Nel pomeriggio di ieri, nella cornice del Circolo dei Lettori di via Bogino 9, si è svolto il terzo incontro nell’ambito del Torino Jazz Festival. La conferenza intendeva dare una prospettiva storica e critica intorno al fenomeno dei Blues Brothers. Per parlare di questa autorità assoluta non poteva che intervenire uno dei maggiori musicologi di area pop e rock della scena artistica italiana, Riccardo Bertoncelli.

Il critico ha esordito subito col dire che il grande segreto di questi comici uomini bianchi non è stato quello di aver inventato qualcosa, ma di aver saputo architettare un modo innovativo e originale di trasmissione del “rythme blues” appartenente alla musica nera. Tutto iniziò, ha ricordato Bertoncelli, con l’apparizione di Dan Aykroyd e John Belushi in Saturday Night Live il 22 aprile 1978, durante il quale John interpretò un pezzo di blues moderno, I’m a King Bee, travestito da ape. Dopo le risate scaturite dalla proiezione del buffo sketch musicale, il musicologo è passato ad analizzare il pezzo “Sweet home Chicago” interpretato dai Blues Brothers nel 1981 e quello del 1936 del cantautore e chitarrista statunitense Robert Johnson, caratterizzato da un velo più profondo e malinconico.

Dopo l’ascolto di questi due capolavori, il critico ha tracciato un po’ le fila dell’esperienza musicale della band e ha puntualizzato che i Blues Brothers, in sostanza, ripresero il Blues antico, fecero dei veri e propri prestiti d’autore, e li ricomposero alla loro maniera. Tuttavia, ha aggiunto, tutto questo sarebbe rimasto entro confini limitati se non ci fosse stato il film che con grande intelligenza coinvolse personaggi eccezionali quali Aretha Franklin e Ray Charles.

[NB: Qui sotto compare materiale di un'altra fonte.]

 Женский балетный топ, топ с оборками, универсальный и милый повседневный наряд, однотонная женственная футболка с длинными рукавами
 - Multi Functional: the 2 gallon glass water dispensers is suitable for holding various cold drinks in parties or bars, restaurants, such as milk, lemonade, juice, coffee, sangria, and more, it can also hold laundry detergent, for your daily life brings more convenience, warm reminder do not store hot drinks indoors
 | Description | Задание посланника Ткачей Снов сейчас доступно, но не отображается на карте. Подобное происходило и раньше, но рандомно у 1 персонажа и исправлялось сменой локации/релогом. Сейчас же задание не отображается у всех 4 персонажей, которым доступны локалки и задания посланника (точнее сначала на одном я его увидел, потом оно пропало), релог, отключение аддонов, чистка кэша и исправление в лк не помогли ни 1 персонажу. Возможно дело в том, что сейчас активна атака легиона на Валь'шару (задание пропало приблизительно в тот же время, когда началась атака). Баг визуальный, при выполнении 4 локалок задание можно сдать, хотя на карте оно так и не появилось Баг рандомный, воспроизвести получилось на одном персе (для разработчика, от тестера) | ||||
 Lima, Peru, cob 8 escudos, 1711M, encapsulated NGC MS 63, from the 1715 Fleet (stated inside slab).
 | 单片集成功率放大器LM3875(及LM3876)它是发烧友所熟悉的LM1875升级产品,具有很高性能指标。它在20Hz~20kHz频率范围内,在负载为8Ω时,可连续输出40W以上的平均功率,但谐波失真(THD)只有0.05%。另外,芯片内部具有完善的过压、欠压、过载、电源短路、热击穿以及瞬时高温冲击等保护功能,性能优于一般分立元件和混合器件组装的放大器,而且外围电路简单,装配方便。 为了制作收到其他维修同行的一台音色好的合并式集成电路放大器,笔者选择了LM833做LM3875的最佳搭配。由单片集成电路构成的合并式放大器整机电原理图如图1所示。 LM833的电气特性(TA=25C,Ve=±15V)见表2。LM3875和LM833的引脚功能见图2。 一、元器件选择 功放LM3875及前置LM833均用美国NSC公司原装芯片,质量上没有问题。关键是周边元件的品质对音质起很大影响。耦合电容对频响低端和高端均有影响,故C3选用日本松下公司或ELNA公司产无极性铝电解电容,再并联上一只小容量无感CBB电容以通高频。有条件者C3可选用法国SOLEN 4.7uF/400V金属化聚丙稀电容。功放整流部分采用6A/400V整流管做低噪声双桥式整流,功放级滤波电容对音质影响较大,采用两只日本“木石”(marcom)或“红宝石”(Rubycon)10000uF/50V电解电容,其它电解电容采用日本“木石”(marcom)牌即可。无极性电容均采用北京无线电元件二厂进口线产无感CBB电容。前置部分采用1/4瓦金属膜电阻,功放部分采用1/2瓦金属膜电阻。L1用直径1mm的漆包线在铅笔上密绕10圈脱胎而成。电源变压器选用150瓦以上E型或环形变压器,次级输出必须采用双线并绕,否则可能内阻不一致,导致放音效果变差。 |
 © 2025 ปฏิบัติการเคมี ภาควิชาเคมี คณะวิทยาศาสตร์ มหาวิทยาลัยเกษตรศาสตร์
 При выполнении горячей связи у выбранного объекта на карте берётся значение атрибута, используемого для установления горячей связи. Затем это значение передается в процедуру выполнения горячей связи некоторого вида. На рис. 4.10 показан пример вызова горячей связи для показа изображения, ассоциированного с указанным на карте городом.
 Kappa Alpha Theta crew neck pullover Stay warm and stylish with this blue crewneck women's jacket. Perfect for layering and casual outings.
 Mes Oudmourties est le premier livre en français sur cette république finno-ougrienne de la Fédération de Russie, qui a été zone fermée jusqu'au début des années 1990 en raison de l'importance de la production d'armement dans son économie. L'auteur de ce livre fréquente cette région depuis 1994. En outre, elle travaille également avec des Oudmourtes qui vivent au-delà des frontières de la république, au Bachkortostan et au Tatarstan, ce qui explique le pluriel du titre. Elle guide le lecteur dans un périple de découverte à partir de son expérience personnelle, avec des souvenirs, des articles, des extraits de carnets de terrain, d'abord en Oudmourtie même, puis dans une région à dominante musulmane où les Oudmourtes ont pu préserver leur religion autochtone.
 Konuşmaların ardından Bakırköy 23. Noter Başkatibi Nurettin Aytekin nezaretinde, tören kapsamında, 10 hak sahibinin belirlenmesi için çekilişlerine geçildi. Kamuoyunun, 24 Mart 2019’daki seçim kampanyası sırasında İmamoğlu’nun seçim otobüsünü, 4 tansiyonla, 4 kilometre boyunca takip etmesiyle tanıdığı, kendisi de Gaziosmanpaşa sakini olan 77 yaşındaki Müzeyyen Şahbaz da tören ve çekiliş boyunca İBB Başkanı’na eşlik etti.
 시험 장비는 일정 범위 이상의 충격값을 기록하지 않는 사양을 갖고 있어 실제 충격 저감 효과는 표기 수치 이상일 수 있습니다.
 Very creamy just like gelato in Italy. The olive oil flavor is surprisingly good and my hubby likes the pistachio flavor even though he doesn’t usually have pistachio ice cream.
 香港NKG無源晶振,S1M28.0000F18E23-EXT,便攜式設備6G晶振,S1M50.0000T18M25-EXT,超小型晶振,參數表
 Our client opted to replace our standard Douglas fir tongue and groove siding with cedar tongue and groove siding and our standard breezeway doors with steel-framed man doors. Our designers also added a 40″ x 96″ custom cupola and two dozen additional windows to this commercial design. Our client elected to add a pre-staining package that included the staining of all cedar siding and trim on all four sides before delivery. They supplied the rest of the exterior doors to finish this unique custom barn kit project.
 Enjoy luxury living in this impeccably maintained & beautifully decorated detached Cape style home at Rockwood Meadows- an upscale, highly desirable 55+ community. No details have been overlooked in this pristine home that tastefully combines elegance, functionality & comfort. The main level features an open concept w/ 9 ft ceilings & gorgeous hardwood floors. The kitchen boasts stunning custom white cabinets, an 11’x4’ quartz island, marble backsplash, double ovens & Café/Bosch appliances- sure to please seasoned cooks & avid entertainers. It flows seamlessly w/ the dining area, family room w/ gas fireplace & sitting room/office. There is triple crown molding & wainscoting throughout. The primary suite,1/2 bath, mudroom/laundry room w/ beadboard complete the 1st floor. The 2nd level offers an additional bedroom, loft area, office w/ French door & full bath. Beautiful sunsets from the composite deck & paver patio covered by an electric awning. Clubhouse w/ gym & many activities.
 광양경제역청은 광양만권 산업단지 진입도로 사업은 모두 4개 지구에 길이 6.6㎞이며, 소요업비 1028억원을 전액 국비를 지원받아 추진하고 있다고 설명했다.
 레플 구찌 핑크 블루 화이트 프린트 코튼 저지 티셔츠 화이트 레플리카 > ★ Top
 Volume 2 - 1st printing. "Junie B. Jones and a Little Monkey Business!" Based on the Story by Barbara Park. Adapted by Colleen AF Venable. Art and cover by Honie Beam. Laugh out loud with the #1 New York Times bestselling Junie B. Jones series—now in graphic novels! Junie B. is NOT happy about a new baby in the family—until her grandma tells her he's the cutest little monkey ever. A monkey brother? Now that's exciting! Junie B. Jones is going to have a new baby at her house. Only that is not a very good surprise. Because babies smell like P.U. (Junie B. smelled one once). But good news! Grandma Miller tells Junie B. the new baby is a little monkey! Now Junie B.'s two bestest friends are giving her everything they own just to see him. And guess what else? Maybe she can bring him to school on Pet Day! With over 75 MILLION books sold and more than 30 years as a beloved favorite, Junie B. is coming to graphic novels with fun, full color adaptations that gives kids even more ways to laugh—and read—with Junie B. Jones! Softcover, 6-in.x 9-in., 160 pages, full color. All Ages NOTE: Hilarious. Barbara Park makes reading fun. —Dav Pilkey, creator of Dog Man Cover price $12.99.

La conferenza è terminata con Bertoncelli che ha ricordato agli ospiti il grande concerto del 2 giugno in piazza San Carlo con l’Original Blues Brothers Band e ha svelato, inaspettatamente, una piccola curiosità: “si narra, cari spettatori, che Robert Johnson avesse stretto un patto col Diavolo, vendendogli la sua anima in cambio della capacità di poter suonare la chitarra come nessun altro al mondo.”